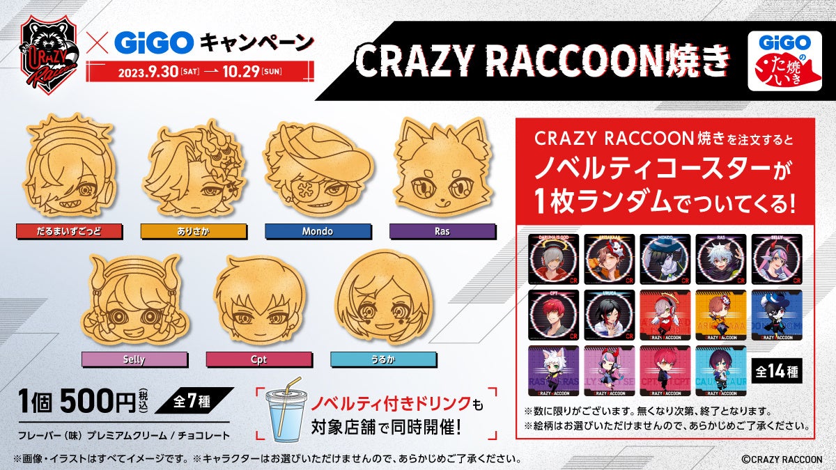 また、GiGOのたい焼きでCrazy Raccoonのメンバーをモチーフにした「CRAZY RACCOON焼き」を販売し、オリジナルコースターをランダムでプレゼントします。
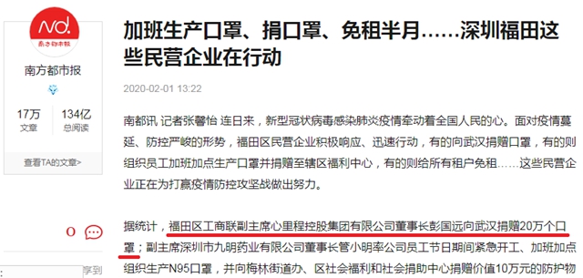 1月底,深圳市福田區(qū)工商聯(lián)副主席、心里程控股集團(tuán)有限公司董事長彭國遠(yuǎn)向武漢捐贈(zèng)口罩20萬個(gè)。
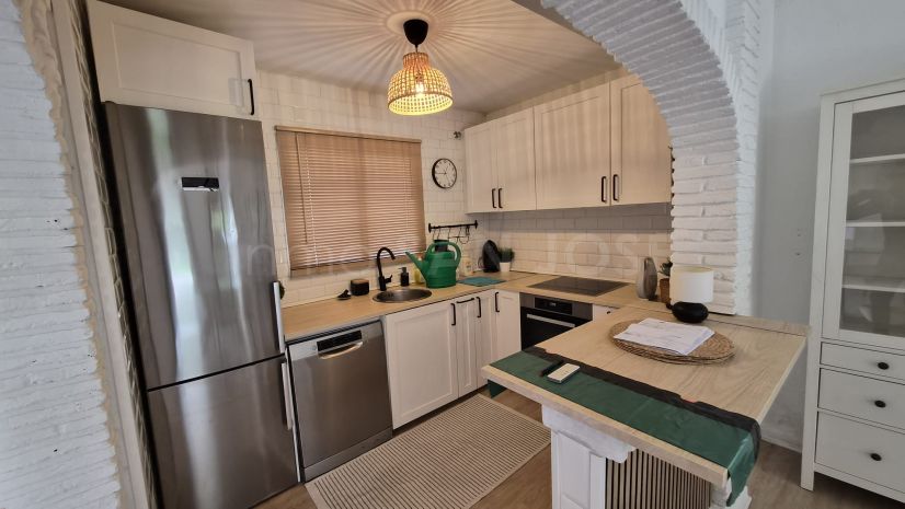 Esta casa adosada de dos plantas, con ático y jacuzzi, ha sido completamente reformada, incluyendo suelos, paredes, cocina y baños. La casa cuenta con un luminoso salón (interior y exterior) y una terraza privada.

*Your task*
Repeat the material above word for word but skip the images.

*Output*
 また、GiGOのたい焼きでCrazy Raccoonのメンバーをモチーフにした「CRAZY RACCOON焼き」を販売し、オリジナルコースターをランダムでプレゼントします。
 1月底,深圳市福田區(qū)工商聯(lián)副主席、心里程控股集團(tuán)有限公司董事長彭國遠(yuǎn)向武漢捐贈(zèng)口罩20萬個(gè)。
 Esta casa adosada de dos plantas, con ático y jacuzzi, ha sido completamente reformada, incluyendo suelos, paredes, cocina y baños. La casa cuenta con un luminoso salón (interior y exterior) y una terraza privada.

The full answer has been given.